**Data for analysis:**

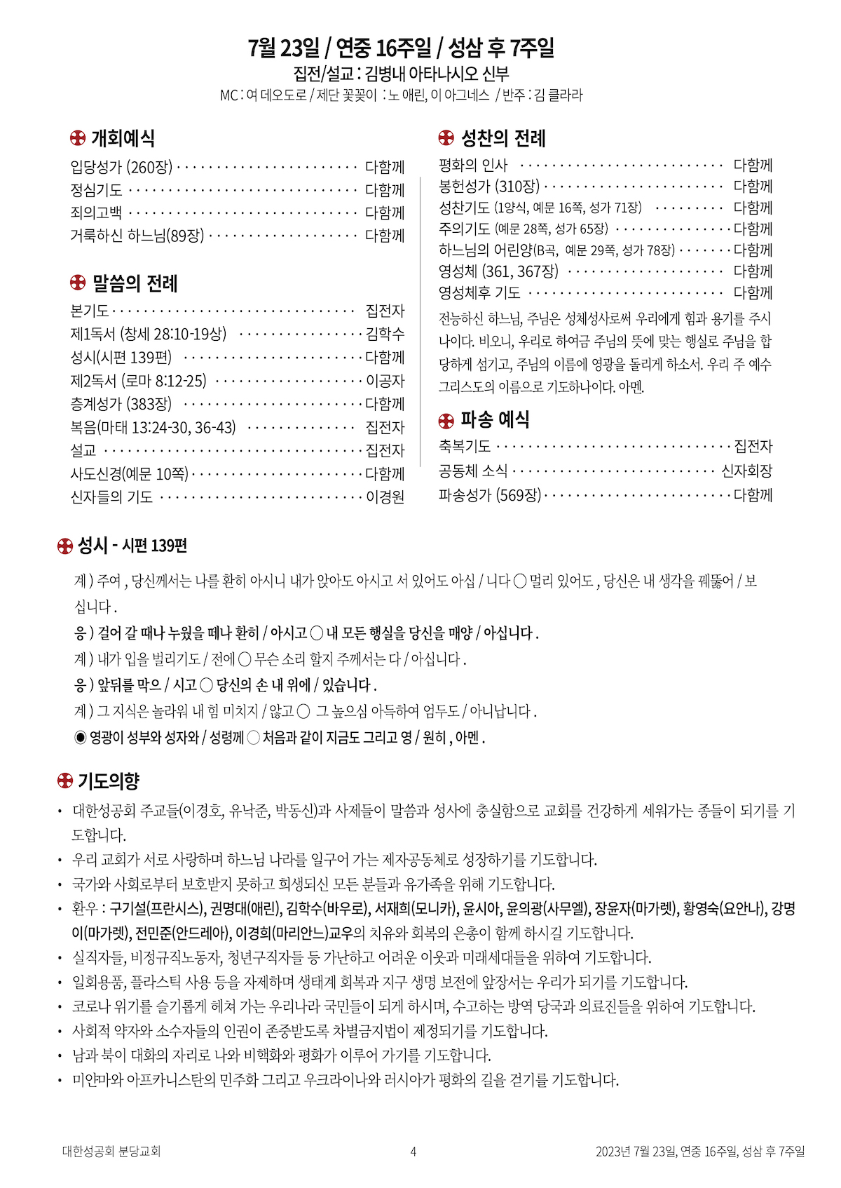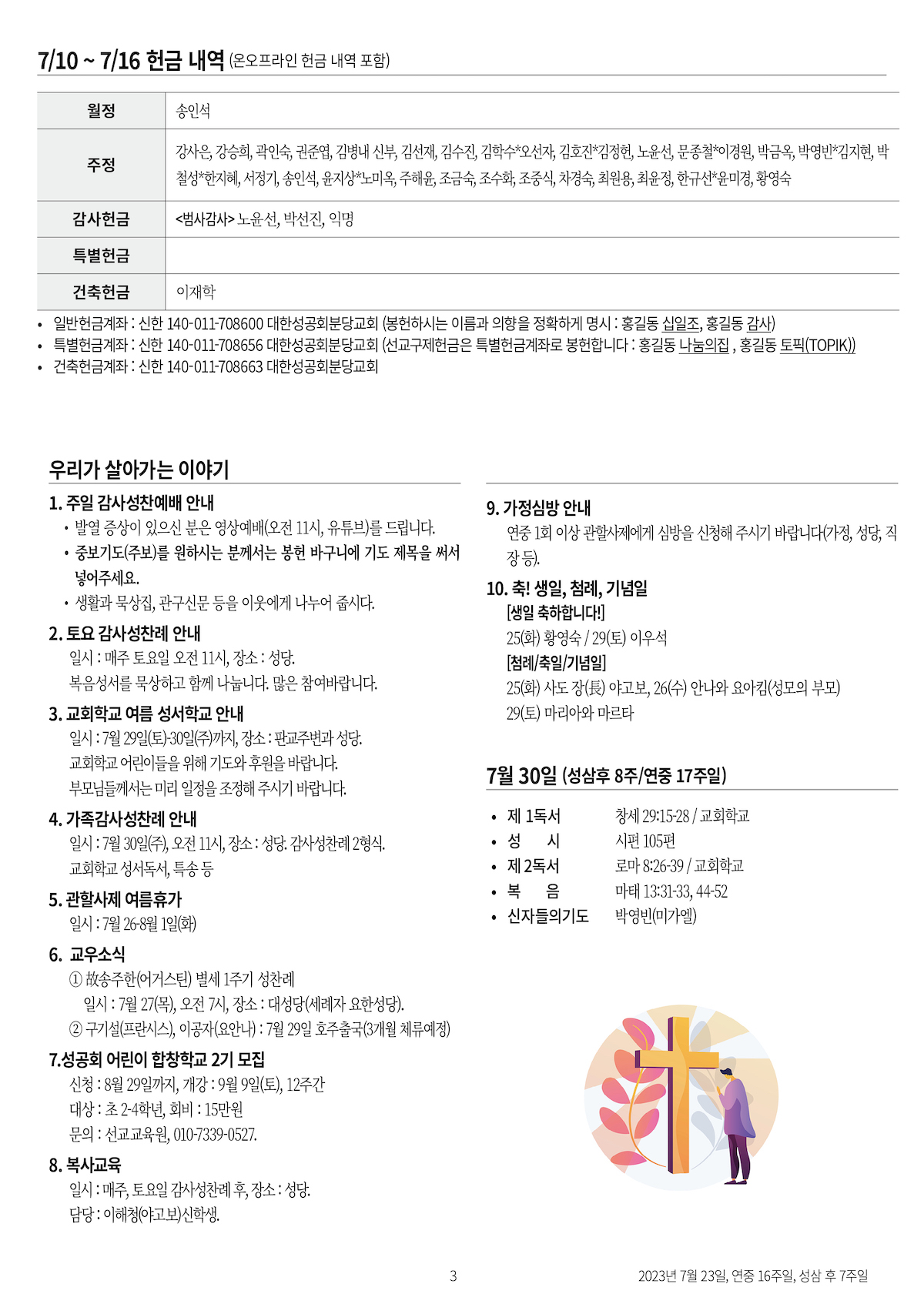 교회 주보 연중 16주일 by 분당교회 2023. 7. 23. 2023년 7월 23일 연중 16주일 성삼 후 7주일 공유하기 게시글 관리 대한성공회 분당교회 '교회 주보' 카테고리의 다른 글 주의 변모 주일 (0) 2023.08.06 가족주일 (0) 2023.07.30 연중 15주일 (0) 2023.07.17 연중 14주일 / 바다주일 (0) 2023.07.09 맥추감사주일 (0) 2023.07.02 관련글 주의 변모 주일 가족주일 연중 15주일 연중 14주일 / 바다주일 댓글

---

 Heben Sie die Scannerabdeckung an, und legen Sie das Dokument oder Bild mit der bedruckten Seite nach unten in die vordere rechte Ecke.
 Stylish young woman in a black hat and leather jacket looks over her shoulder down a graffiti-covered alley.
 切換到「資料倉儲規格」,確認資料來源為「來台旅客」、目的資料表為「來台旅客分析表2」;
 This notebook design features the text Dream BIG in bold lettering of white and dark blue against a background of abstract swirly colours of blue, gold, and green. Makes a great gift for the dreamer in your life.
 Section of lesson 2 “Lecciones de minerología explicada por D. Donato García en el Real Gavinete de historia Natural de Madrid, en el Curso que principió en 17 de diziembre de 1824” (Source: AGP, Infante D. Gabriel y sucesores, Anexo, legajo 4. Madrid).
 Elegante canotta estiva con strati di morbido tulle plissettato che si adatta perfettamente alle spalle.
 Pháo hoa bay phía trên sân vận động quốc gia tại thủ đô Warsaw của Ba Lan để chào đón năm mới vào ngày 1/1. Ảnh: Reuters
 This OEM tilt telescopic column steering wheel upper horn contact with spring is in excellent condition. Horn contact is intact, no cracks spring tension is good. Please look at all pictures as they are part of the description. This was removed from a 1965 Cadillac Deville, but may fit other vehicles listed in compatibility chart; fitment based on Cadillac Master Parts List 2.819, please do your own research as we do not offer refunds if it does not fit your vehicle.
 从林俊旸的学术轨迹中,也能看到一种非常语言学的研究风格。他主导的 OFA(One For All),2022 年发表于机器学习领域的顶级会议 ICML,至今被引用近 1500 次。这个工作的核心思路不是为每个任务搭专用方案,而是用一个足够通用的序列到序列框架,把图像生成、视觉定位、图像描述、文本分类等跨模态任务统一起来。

* * *

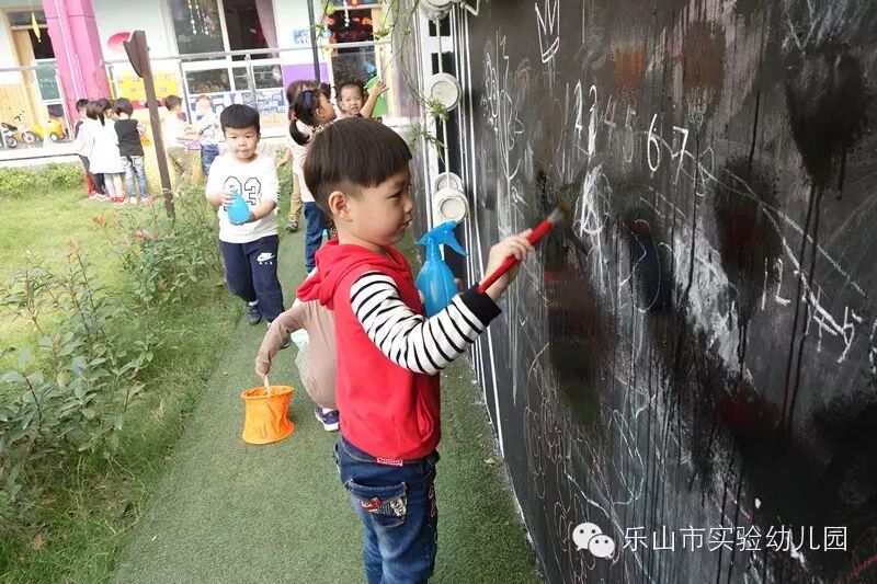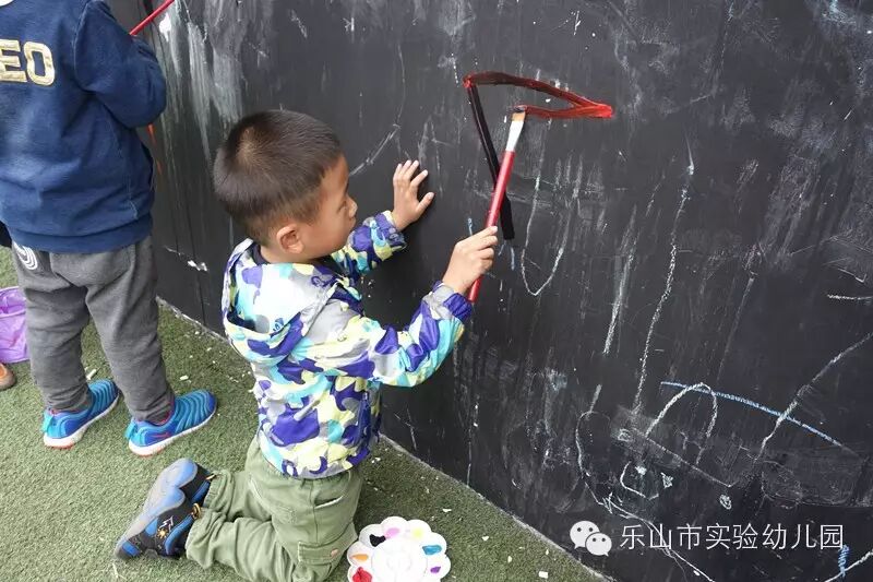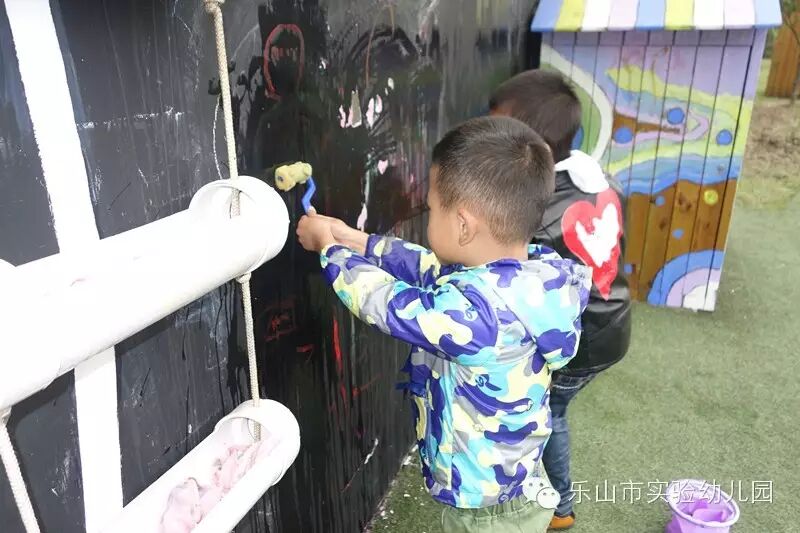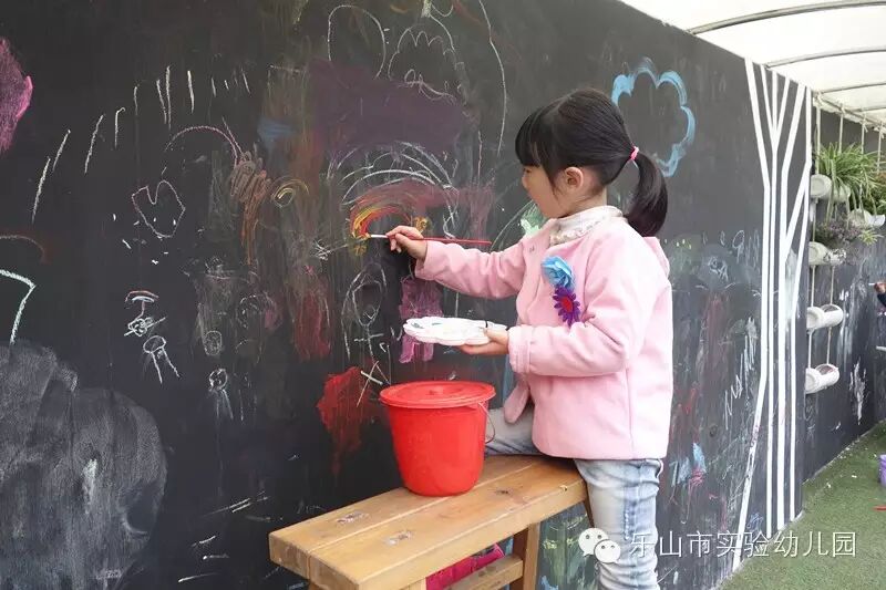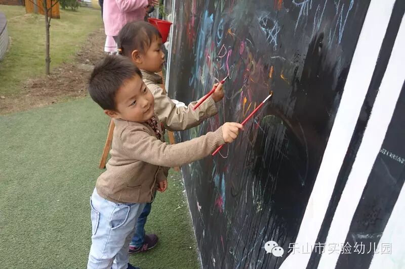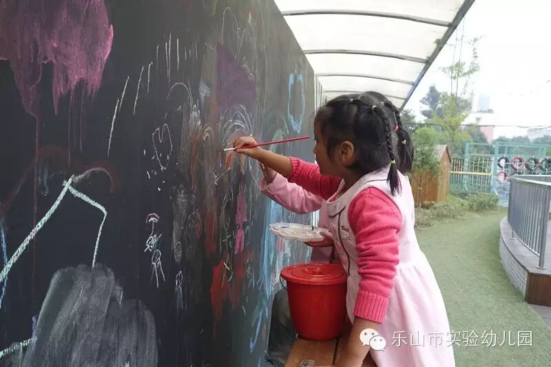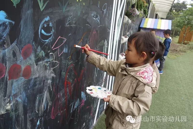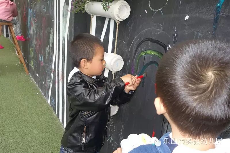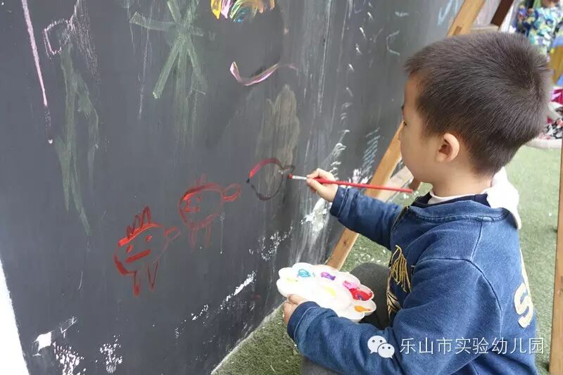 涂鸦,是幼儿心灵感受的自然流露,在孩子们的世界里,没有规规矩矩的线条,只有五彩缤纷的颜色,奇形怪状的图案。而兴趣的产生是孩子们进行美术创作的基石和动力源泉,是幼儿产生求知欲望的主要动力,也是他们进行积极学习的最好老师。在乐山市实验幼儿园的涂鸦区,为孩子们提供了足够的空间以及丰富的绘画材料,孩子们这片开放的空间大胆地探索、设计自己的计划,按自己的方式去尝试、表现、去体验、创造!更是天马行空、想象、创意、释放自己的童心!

**Required work:**
Looking at the data above, write out exactly the lines that start at the one containing "切換到「資料倉儲規格」,確認" and end at the one containing "This OEM tilt"; include both and nothing beyond.

**Response area:**
 切換到「資料倉儲規格」,確認資料來源為「來台旅客」、目的資料表為「來台旅客分析表2」;
 This notebook design features the text Dream BIG in bold lettering of white and dark blue against a background of abstract swirly colours of blue, gold, and green. Makes a great gift for the dreamer in your life.
 Section of lesson 2 “Lecciones de minerología explicada por D. Donato García en el Real Gavinete de historia Natural de Madrid, en el Curso que principió en 17 de diziembre de 1824” (Source: AGP, Infante D. Gabriel y sucesores, Anexo, legajo 4. Madrid).
 Elegante canotta estiva con strati di morbido tulle plissettato che si adatta perfettamente alle spalle.
 Pháo hoa bay phía trên sân vận động quốc gia tại thủ đô Warsaw của Ba Lan để chào đón năm mới vào ngày 1/1. Ảnh: Reuters
 This OEM tilt telescopic column steering wheel upper horn contact with spring is in excellent condition. Horn contact is intact, no cracks spring tension is good. Please look at all pictures as they are part of the description. This was removed from a 1965 Cadillac Deville, but may fit other vehicles listed in compatibility chart; fitment based on Cadillac Master Parts List 2.819, please do your own research as we do not offer refunds if it does not fit your vehicle.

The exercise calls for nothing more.